SED-Diktatur weiter aufarbeiten

Manche verdrängen auch heute noch, dass die SED die Staatssicherheit als „Schwert und Schild der Partei“ gegen die eigene Bevölkerung einsetzte. Was die Macht der SED gefährdete oder gefährden konnte, wurde beobachtet, perfide drangsaliert und abgeschirmt. Gedanken dazu von Manfred Grund, Bundestagsabgeordneter aus Heiligenstadt....

Die Sozialistische Einheitspartei Deutschlands (SED) hat die über 40jährige totalitäre Diktatur in der Deutschen Demokratischen Republik (DDR) zu verantworten. In der friedlichen Revolution des Jahres 1989 überwand die Bevölkerung dieses Staates die brutale Herrschaft der SED und setzte freie Wahlen und die deutsche Wiedervereinigung durch.

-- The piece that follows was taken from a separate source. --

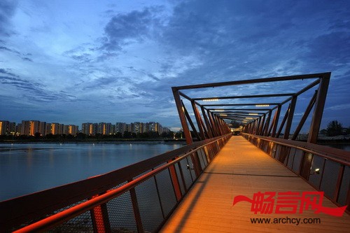 罗弄哈鲁士桥由Thryc建筑事务所设计,位于榜鹅新城的东部,它架起了河流两端的河畔休闲区和新罗弄哈鲁士湿地之间的联系。罗弄哈鲁士桥远离新加坡市中心,它由波浪似的钢结构漂亮外形吸引着城里人来此,在美丽的自然风景中休假。因为这里的特色就是自然和野外生活,所以建筑师将桥梁外形设计的优雅而又宁静。带有乡土气息的红色外观与周围绿色的自热环境相得益彰。
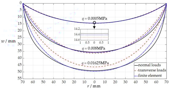 It can be seen from Figure 6 that the three analytical solutions agree quite closely for lightly loaded membranes but diverge slowly as the uniformly distributed normal load q intensifies, showing that the improvements made have achieved the expected positive effect.

Mehr als zwanzig Jahre danach stellen wir aber mit Bestürzung fest, dass gerade junge Menschen in unserem Land zu wenig vom Unrecht und der Un¬gerechtigkeit der Diktatur wissen, die die SED errichtet und blutig verteidigt hatte.

Manche verdrängen auch heute noch, dass die SED die Staatssicherheit als „Schwert und Schild der Partei“ gegen die eigene Bevölkerung einsetzte. Was die Macht der SED gefährdete oder gefährden konnte, wurde beobachtet, perfide drangsaliert und abgeschirmt. Die SED steht für die tausendfache Bespitzelung, für ein mörderisches Grenzregime und für das undemokratische Regieren gegen Sinn, Verstand und Menschlichkeit.

Wir stehen gegen das Vergessen und für die Aufarbeitung dieses Unrechts.

Um der Verklärung der SED entgegenzuwirken, hat die Bundesregierung unter Einbindung der Opferverbände, der Dokumentations- und Gedenkeinrichtungen, der Länder und der betroffenen Ressorts Bilanz gezogen. Neben den jährlichen Berichten liegt nunmehr eine beispielhaft umfassende Darstellung vor, die als Bestandsaufnahme alle bisherigen Maßnahmen zur Aufarbeitung der DDR-Diktatur zusammenfasst – darunter die Rehabilitierung der Opfer, die rechtliche Verfolgung der Täter, die wissenschaftliche Forschung oder die Bildungsarbeit und die Nutzung der Unterlagen der Staatssicherheit der DDR. Der Bund trägt mit mehr als 100 Millionen Euro pro Jahr zur Aufarbeitung der SED-Diktatur bei.

Wie keine andere Fraktion des Bundestages steht die CDU/CSU-Fraktion im Deutschen Bundestag dafür, in der Aufarbeitungsarbeit nicht nachzulassen. Einen Schlussstrich kann und darf es nicht geben. Wir sorgen daher unter anderem für weitere Zugänglichkeit der Akten der Stasi für berechtigt Interessierte bis zum 31. Dezember 2019.